Christopher Paul Backus (born October 30, 1981) is an American actor, director and screenwriter. Backus made his television debut in NBC's Will & Grace, followed by landing roles in The O.C., Life on Mars, It's Always Sunny in Philadelphia, Sons of Anarchy, The Mentalist, Perception, and The Last Templar. He also appeared in films such as Redline starring Eddie Griffin and 3 Days Gone directed by Scott McCullough.

Early life and education 
Backus was born in Mission Viejo, California, but was raised in Kansas City, Kansas. His mother, Teryl Backus, is a retired colonel in the United States Marine Corps, and his father, Terry Backus, was a lawyer who died when Christopher was a child.

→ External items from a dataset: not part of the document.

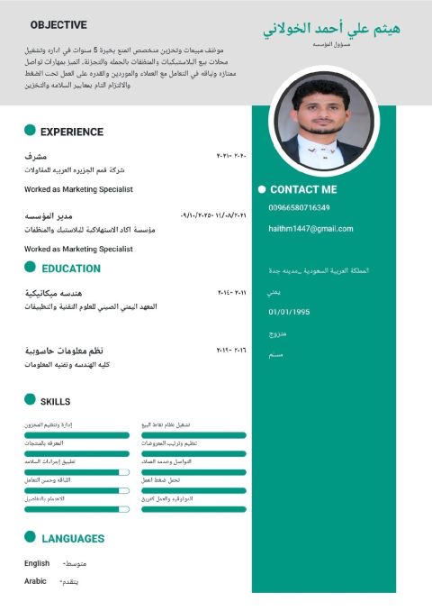 الجنسية يمني أملك شهادة بكالوريوس تقنية المعلومات ودبلوم مهندس برمجيات العمر 24 سنة إقامة سارية ورخصة سارية خبرات عملت معا شركة مقاولات ك مدخل بيانات - عملت في شركة كتب مدخل بيانات - خبرة في المنصات السعودية - خبرة ك منسق أعمال - خبرة في برامج الحاسوب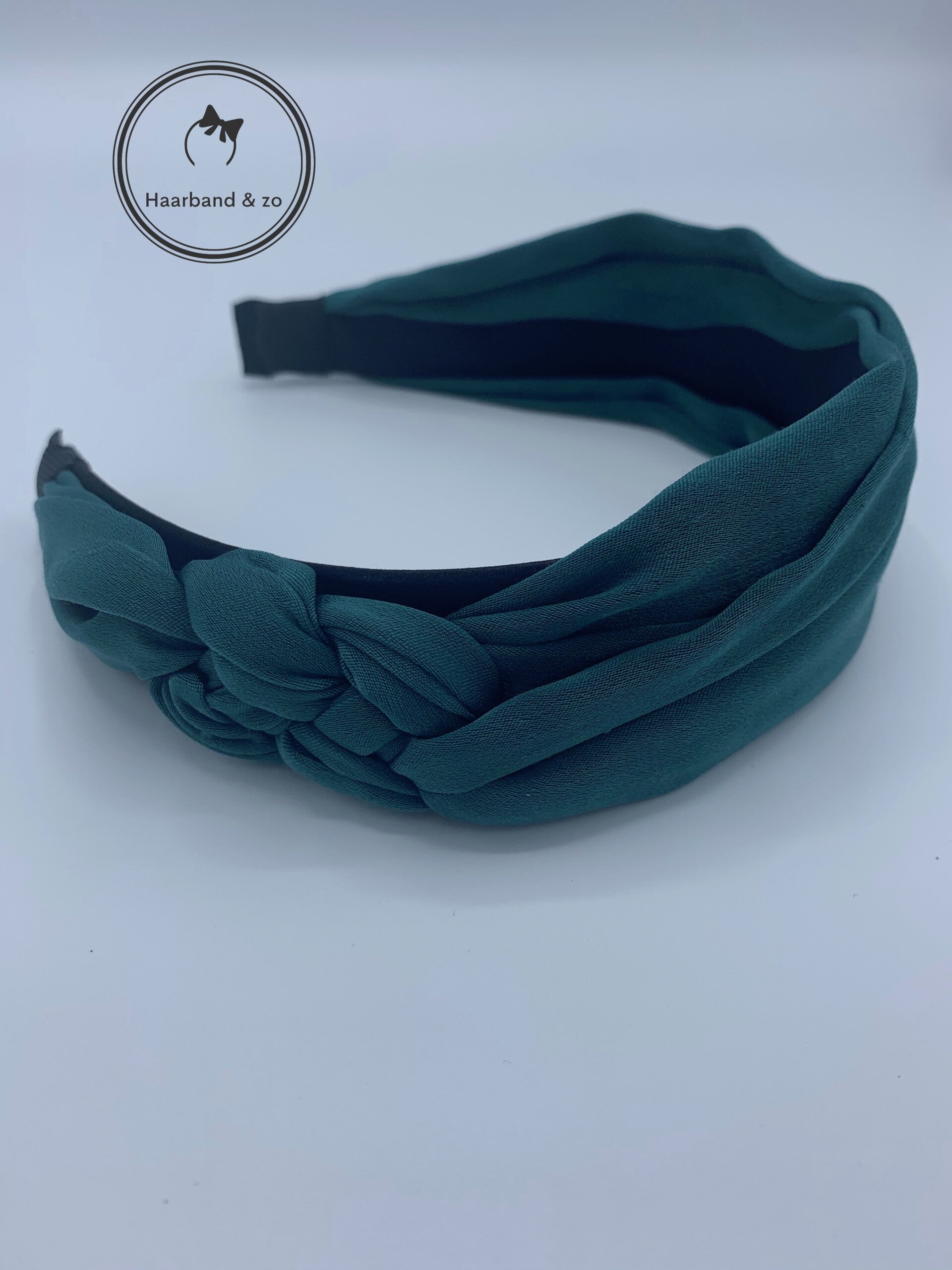 - Prachtige booghaarband van glanzend satijn, met vlechteffect in de kleur smaragd-groen.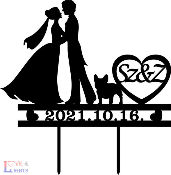 Esküvői tortadísz buldog kutya mintával Különböző anyagból készítünk tortadíszeket, így mindenki megtalálhatja azt, amelyik a legjobban passzol a dekorációhoz, elképzeléseihez. Az esküvő után is szép emlékek örzője lesz. A könnyebb tároláshoz készítünk tortadíszeinkhez talpat - kérés esetén. Így használat után letörhető a beszúró vége, és egy ellipszis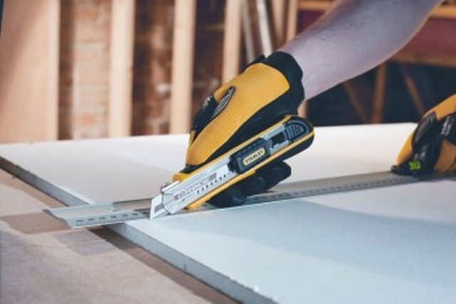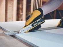 - Couper les plaques de cloison sèche aidera ordinaire couteau à peindre avec une lame de longueur réglable et réglable. À l'aide d'une râpe, les bords rognés de la plaque de plâtre sont mis à niveau et la raboteuse permet de supprimer un chanfrein soigné des bords rognés et d'extrémité de la feuille.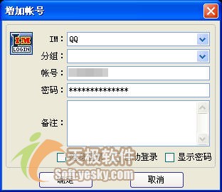 LOGIN IM的界面很简单,内容也不复杂,点击界面上的“添加帐号”按钮,在打开的窗口中选择需要添加的IM种类,输入帐号和密码,点击“确定”按钮即可完成一个帐号的添加(图2)。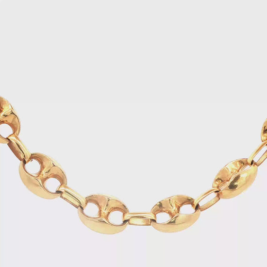Vintage XL mariner chain, circa 1970s–1980s, crafted in semi-solid 18k yellow gold and tipping the scale at 93.2 grams. A long, draped 31.5 inches with a substantial 13mm width — thick walls, oversized links, and that unmistakable old-school hit only vintage gold delivers.
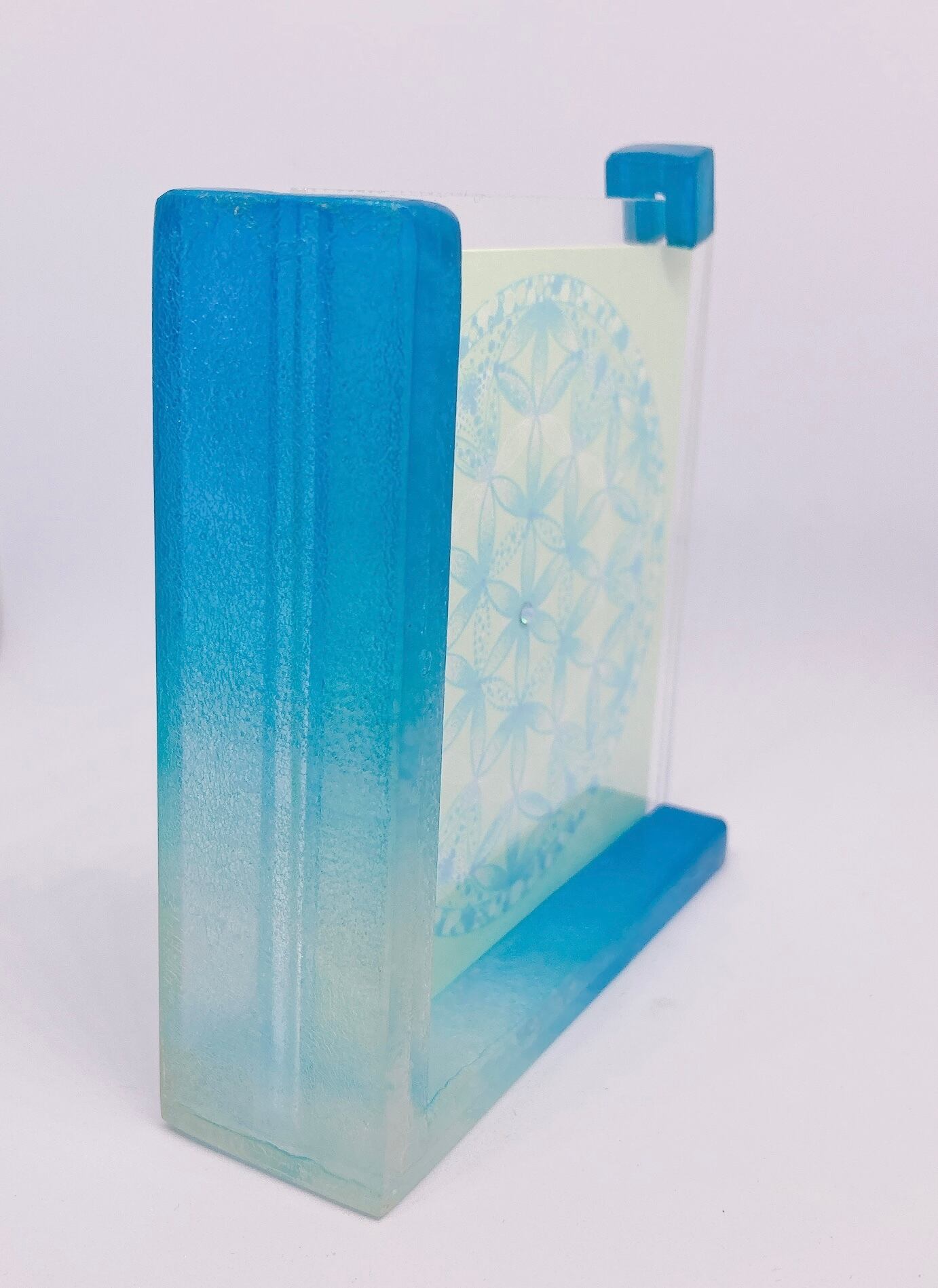 澄んだブルーと淡いグリーンの彩りが、春の大空を思わせる清らかな波動を広げ、空間と心をやさしく整えます。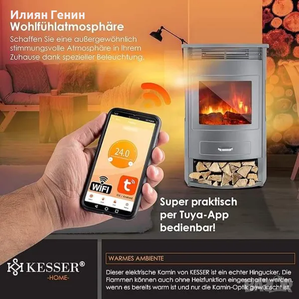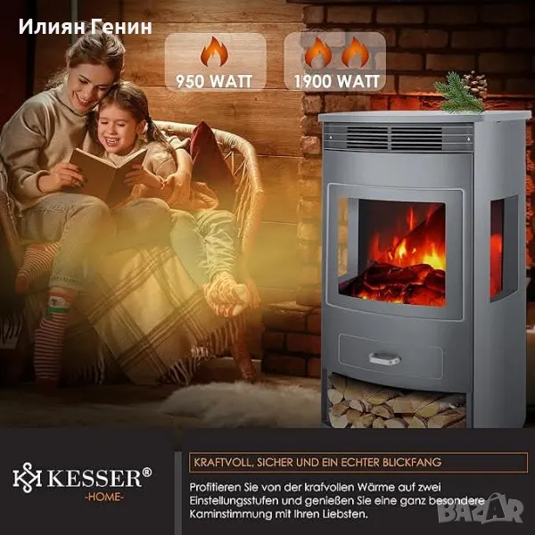 Електрическа камина KESSER® Prio с отоплителен вентилатор нагревател дистанционно управление WiFi приложение 950/1900 W - 400.00лв.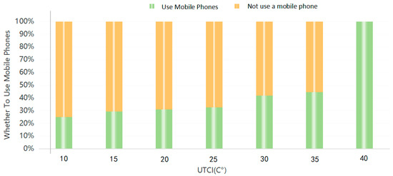 The relationship between whether to use mobile phone proportion and UTCI. (Mobile phone usage rate reaches 100% at 37 °C, and 100% at 40 °C is a predicted value).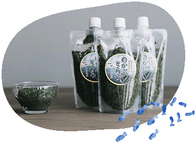 日本一の干満差が作り出す強い潮流と、雲仙普賢岳の恩恵を受けたミネラル豊富な有明海で育てた「めかぶ」を無添加自然食品として「きざみとろろ」に加工しました。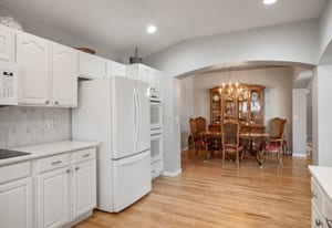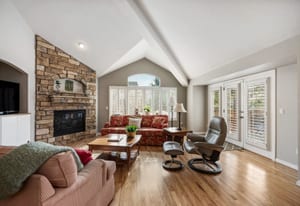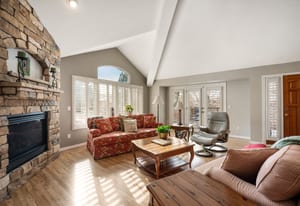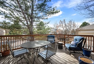 Set within one of the few gated communities that back directly to Cherry Creek Reservoir and only 30 minutes to DIA, this refined patio home offers a truly effortless lifestyle with rare access to open space. The residence includes 2,400 finished square feet plus an additional 1,800-square-foot basement, providing exceptional flexibility. Hardwood floors run throughout the main living areas, complemented by an updated kitchen with white cabinetry, quartz countertops, and tile backsplash that create a timeless, understated aesthetic. Vaulted ceilings and a fireplace anchor the living room, while plantation shutters add architectural polish. The main-floor primary suite features a five-piece bath and walk-in closet, with a second main-level bedroom ideal for guests or a home office. Upstairs, a secondary living room, guest bedroom, and bathroom offer a private retreat. A rebuilt deck, shaded by mature trees, extends the living space outdoors. HOA includes exterior maintenance, landscaping, snow removal, trash, recycling, and access to a clubhouse, pool, and hot tub. Step outside to direct reservoir trail access—a rare opportunity to find.

He has one sister, Michele.

Career
Backus moved with friend Rob McElhenney from New York City to Los Angeles during pilot season of 2003. Shortly after arriving, Backus landed his first role in Benjamin Splits, while McElhenney developed the sitcom It's Always Sunny in Philadelphia. After landing supporting roles in NBC's hit show Will & Grace and Fox's The O.C., Backus starred opposite Dominique Swain in Nick Vallelonga's All In. He returned to television in Malik Bader's HUGE in which he portrayed a struggling frontman of an indie rock band. He starred in 3 Days Gone along with Patrick J. Adams, Nothing Personal with Paz de la Huerta, and Elevator with John Getz and Anita Briem.

Backus returned to television to play the leader of the Weather Underground in ABC's period drama Life on Mars, then he reteamed with director Nick Vallelonga on a western with Michael Biehn and James Russo, Yellow Rock.

In 2011, the feature film Union Square, co-written and directed by the Sundance Film Festival's Grand Jury Award Winner, Nancy Savoca, was premiered at the Toronto Film Festival. In it, Backus appears alongside Mira Sorvino, Patti Lupone, Tammy Blanchard, Mike Doyle, and Michael Rispoli.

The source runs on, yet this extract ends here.